Pre-Natal Appointments

When my wife was pregnant with our first, I was fortunate to have a job that allowed me a lot of flexibility to go to all of the prenatal checkups. I realize that many dads won’t have this luxury, but try to make a few of the appointments if at all possible. The really exciting appointments are of course the ultrasounds but also try and go to the appointment where they test for gestational diabetes. My wife had to drink this huge sugary drink, on a mostly empty stomach, and then wait for an hour-plus before getting her blood drawn. The sugary drink made her nauseous and the extended wait made it quite uncomfortable, so it was good to be there to support her.

Morning Sickness, Food Cravings and Aversions

Specifically in the first trimester, and especially if your wife is expecting a girl, morning sickness can be brutal. Sidenote, the term “morning sickness”  is a total myth and nausea can occur at any time throughout the day. You can support your partner by reminding her to snack throughout the day, a lot of small meals are easier on the stomach than three traditional larger meals.

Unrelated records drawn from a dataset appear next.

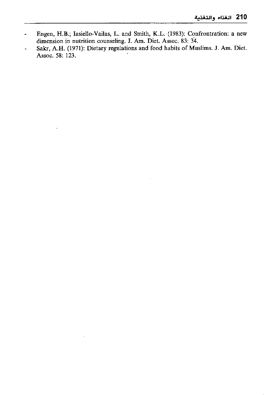 * Sakr, A. H. (1971) : Dietary regulations and food habits of Muslims. J. Am. Diet Assoc. 58: 123.
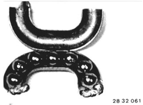 Schneckenkopf in den Kolben schieben A = ca. 6 cm. Durch die Bohrung (1) 16 Kugeln in den Gewindegang der Schnecke einfüllen, dabei die Schnecke weiterdrehen bis die Kugeln zur Bohrung (2) mitgeführt sind. | ![]() |
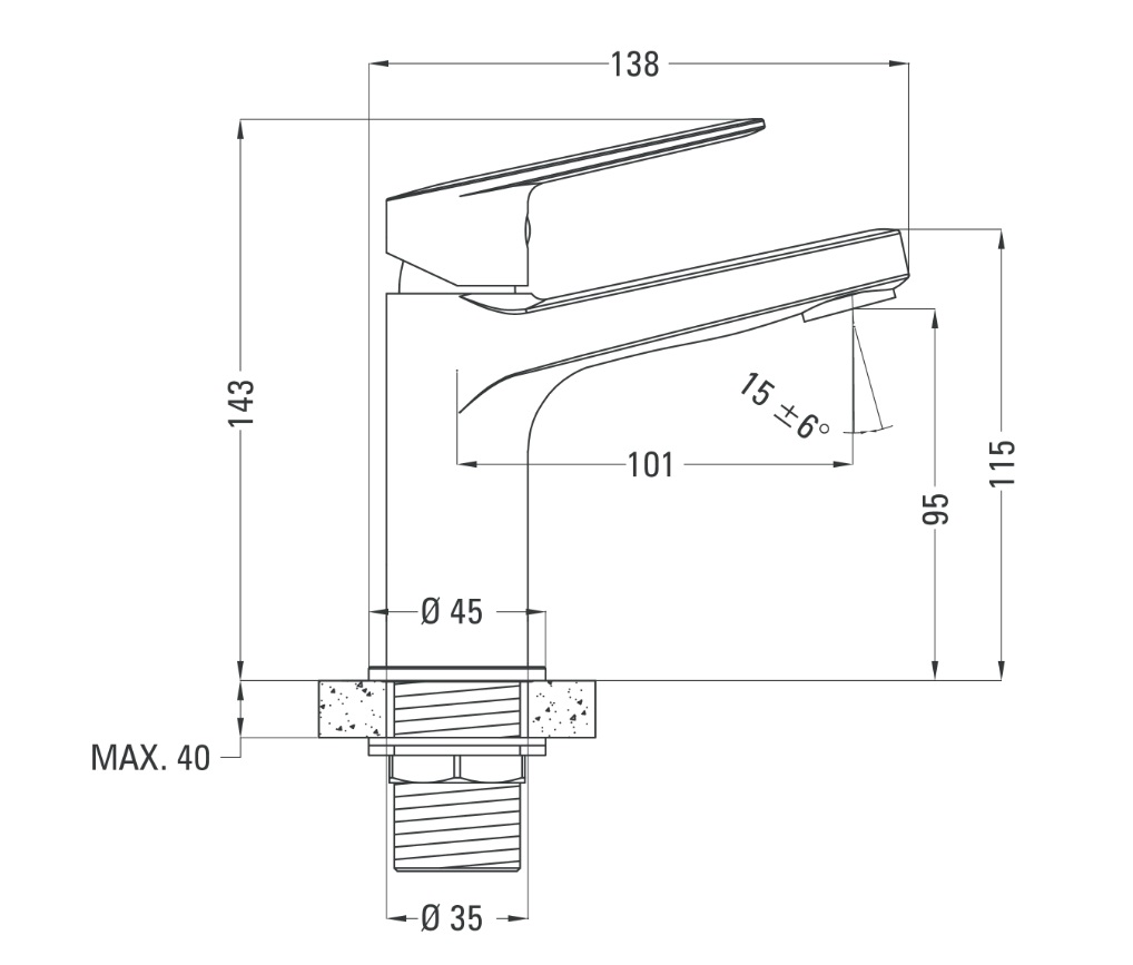 Aprīkots ar aeratoru, kas samazina ūdens patēriņu.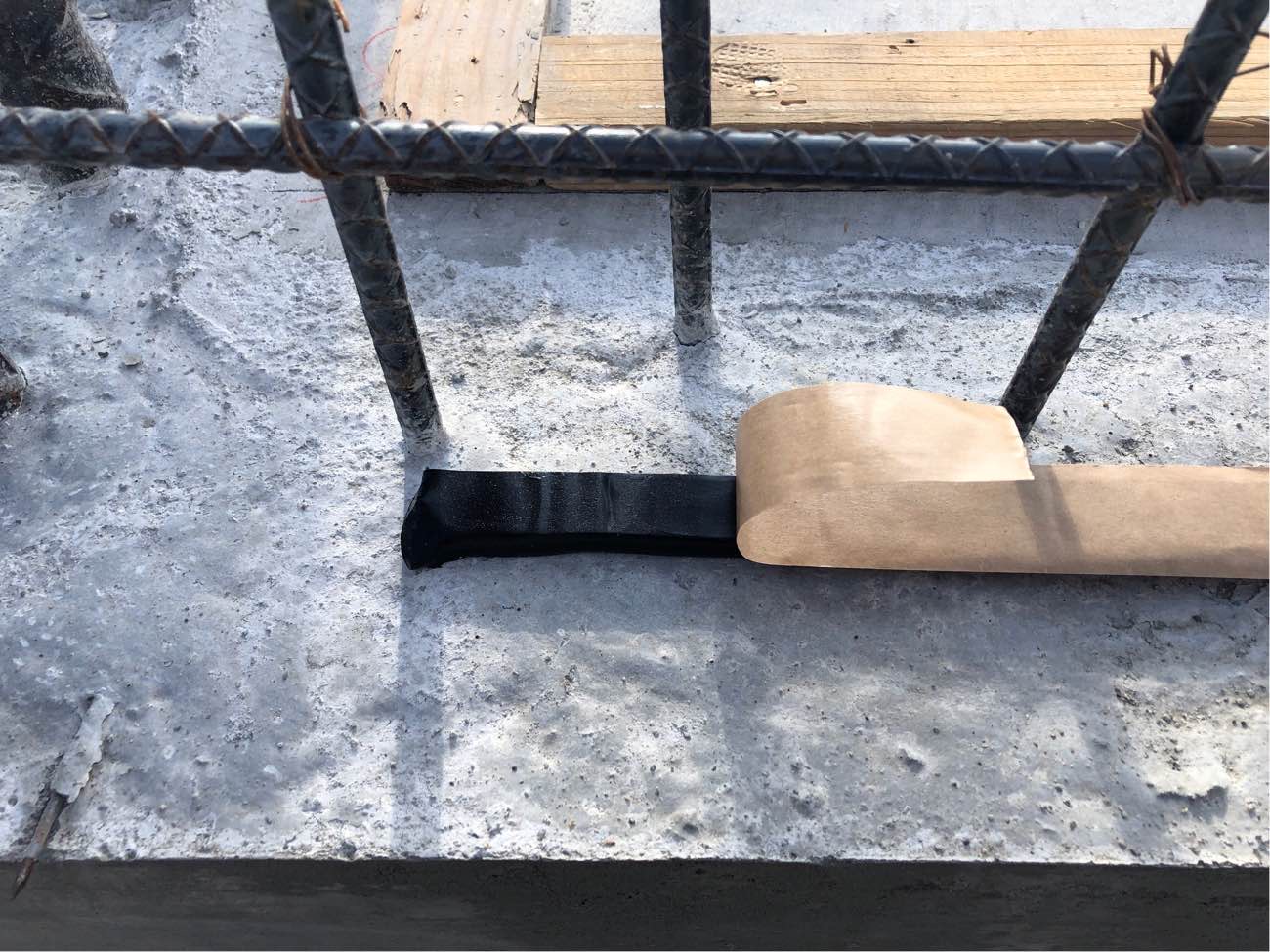 当現場では、1階壁の打継部に止水材を設置しています。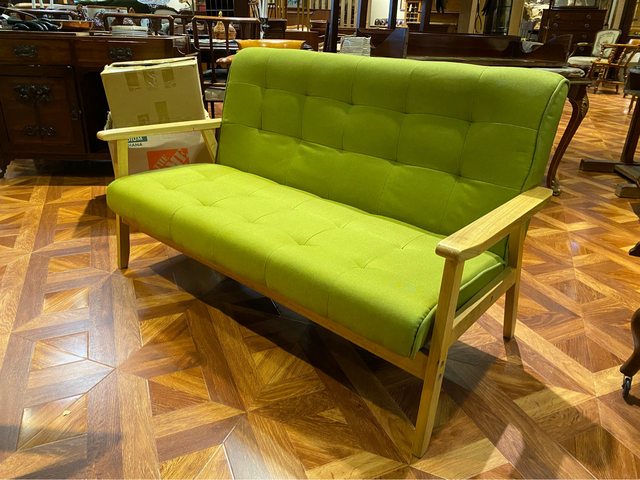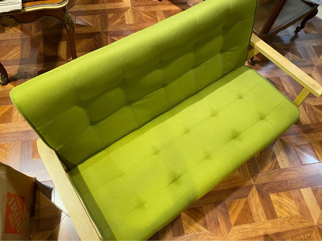 公司樣品屋展示用雙人沙發,因現在用不到了故售出。蘋果綠的材質加上白橡木色的沙發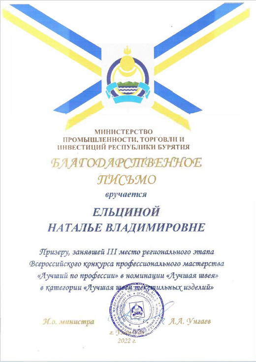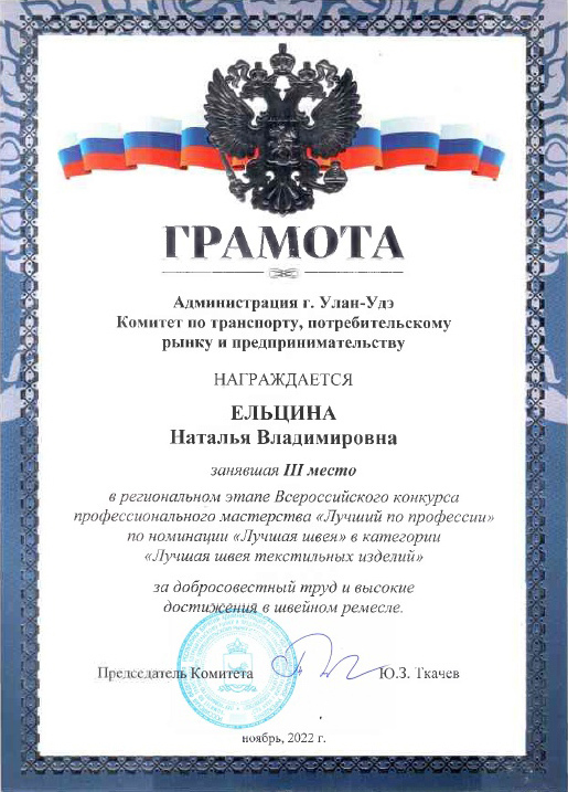 Благодарю за возможность обучаться в вашем центре, погружаться в мир шитья и творчества!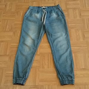 Bullhead Denim Co jeans in goid preowned condition, and features synched elastic ankles, 2 mock back pockets, 2 side pockets, and an elastic waist with a draw string.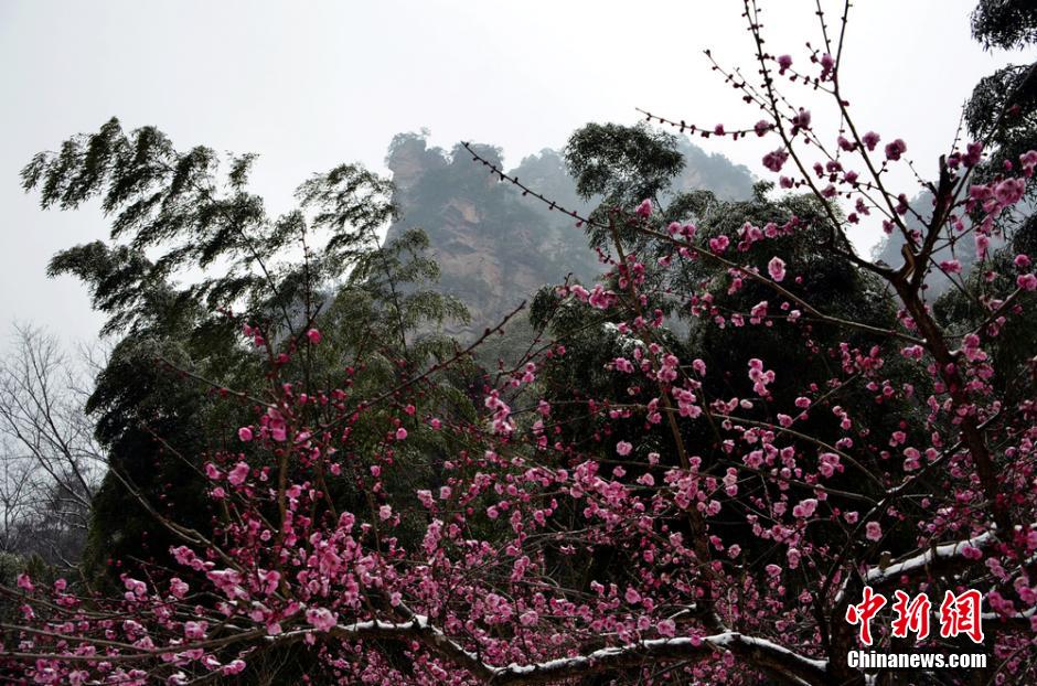 2月9日,春雪过后的湖南张家界武陵源风景名胜区银装素裹。冬春之交,寒气还未褪去,张家界国家森林公园黄石寨梅园千株早梅陆续绽放。一朵朵粉红色、黄色、白色的梅花跃然枝头,被白雪点缀,娇艳欲滴,吸引不少中外游客踏雪寻梅。吴勇兵 摄

And of course, be prepared to go hunting for a specific type of food or an item. The one wild goose chase I went on during the first trimester was for sea sickness bands. At the time we were studying abroad so ordering these online wasn’t as easy. I had to hunt around town and describe to retail employees, in my broken second language, what I was looking for. We have a great post with more tips on how to deal with morning sickness.

Read To Baby

Your baby will come out of the womb recognizing his/her mother’s voice. After all, the baby spent the last 9 months going everywhere with her. If you want to start building the relationship early, pick a kid’s book and read it every night to your partner’s belly. I read Hop on Pop every night while my wife was pregnant, to the point I had it memorized, and I swear that my daughter recognized her dad’s voice when I read her the book after she was born.

Temper Your Expectations About Playing with The Baby When It’s Born

Something I’ve heard multiple times from expecting fathers is how excited they are for the baby to arrive so they can play with them. I was certainly guilty of this myself. The reality is, once the baby arrives, 90% of their time will, and should, be spent with the mother. This is just the reality of biology. Your number one job will be to support the mother and her number one job will be to support the baby.

Prepare Dad-to-be for Labor and Delivery

When your partner goes into labor, you will become their biggest supporter and advocate. Sure, she will be surrounded by nurses/doctors/midwives, but they are all there to ensure that things are progressing safely from a medical perspective for the mother and the baby. Unless you hire a doula (which is a great idea IF you can afford it), it will be up to you to support the mother both physically and emotionally throughout the entire labor process.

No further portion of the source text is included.